The second threat is that of nuclear terrorism. This would involve a nuclear weapon stolen, probably from Russia (or, for that matter, Pakistan), and provided to a terrorist organization. The greatest danger is the smuggling of such a nuclear weapon (or an improvised nuclear weapon) in a cargo container or light aircraft, which could land quite readily without interception in the United States. Transporting such a nuclear warhead in a car or van to a densely populated area such as Manhattan and detonating it on a workday could ensure 100 000 to 300 000 deaths from blast, fire, and local fallout. The same sort of damage could be produced by detonating a nuclear weapon in the harbor at New York, Boston, Philadelphia, or a number of other locations.
To be sure, deploying stolen nuclear weapons requires time and talent to bypass their "use control" mechanisms. But there is also the possibility of improvised nuclear explosives based on highly enriched uranium (HEU), again probably obtained from Russia. Some 60 kg of HEU would be required, but the weapon could be fabricated in a basement or office, and would predictably yield 10-20 kilotons of explosive yield (compared with 0.002 kilotons for a large conventional truck bomb). This, too, would kill 100 000 to 300 000 people.
The solution to this second threat is to take far more seriously the consolidation and blending down of HEU in Russia and elsewhere. The existing 20-year U.S. program for buying 500 tons of excess Russian HEU should be augmented with a program to blend down within the next year not only those 500 tons but the remaining 700 tons of excess weapon HEU, to 19.9 percent uranium 235. This blending down would virtually eliminate the material's possible use in a weapon and could be done far more rapidly than the current plan of blending all the way to 4.4 percent U-235, the mix needed for use in nuclear reactor fuel.
The initial blend to 19.9 percent would in no way restrict the eventual use of the material in breeder reactors or conventional light-water reactors, and should appeal to Russia, provided the money goes to those who are doing the work and not to the central government.
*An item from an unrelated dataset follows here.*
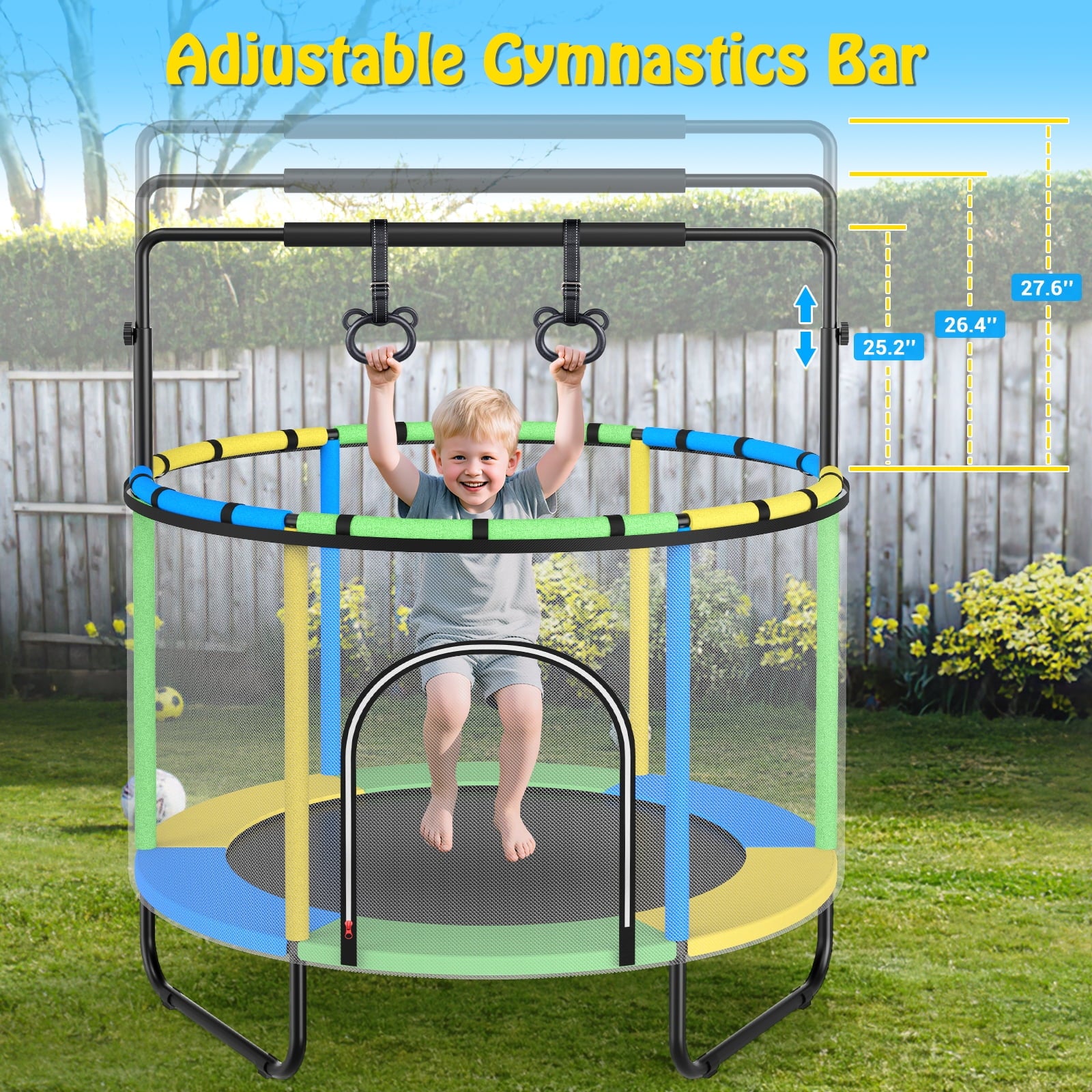 • 📏 3-Level Adjustable Bar Grows With Your Child: Easily adapt the bar to 3 heights (64", 67", 70") as your little one grows taller. Enjoy years of safe bouncing without needing a new trampoline.

However, the program would require an initial provision of capital from the G-7 nations, to be paid back by eventual sales and further blending down of the 19.9 percent to the ultimate 4.4 percent.
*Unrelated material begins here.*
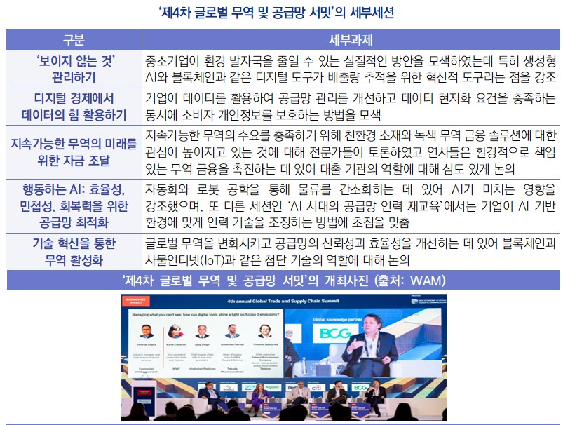 - (주요내용) ’제4차 글로벌 무역 및 공급망 서밋’의 주요내용은 다음과 같음 ∙ (주제) 인공지능(AI) 기술 등을 활용한 공급망의 효율화, 무역과 공급망의 지속가능성을 높이는 기술혁신 도입, 공급망을 강인화하는 선진 기술 도입 등 ∙ (참가) 사우디아라비아, 튀르키예 등 여러 국가에서 약 500명의 기업가와 정부 관계자, 공급망 관련 전문가 ∙ (세부 세션) 제조업, 인프라 관계, 금융, IT 등 다양한 분야의 전문가로부터 AI 기술을 이용한 공급망의 효율화, 강인화, 지속가능성 개선 등의 대처에 대한 견해가 논의되었으며 많은 관계자가 무역이나 공급망 관리로 AI 이용이 크게 진행되는 것을 인정하면서도 아직 문제점도 적지 않다는 점에서 의견이 합치됨

The third nuclear security threat lies in conventional attack on the 103 operating nuclear power reactors in the United States (or their spent fuel storage pools). As stated in the U.S. National Academies' 2002 report Making the Nation Safer, a meltdown could occur through either sabotage or attack by a light aircraft loaded with explosives. Such a meltdown would condemn about 10 000 people to death by cancer, and it would have disastrous consequences for the nuclear power sector and the overall economy, because 20 percent of U.S. electrical power comes from nuclear reactors. Greater attention to protecting these reactors (including, perhaps, close-in air defenses) could help reduce that threat.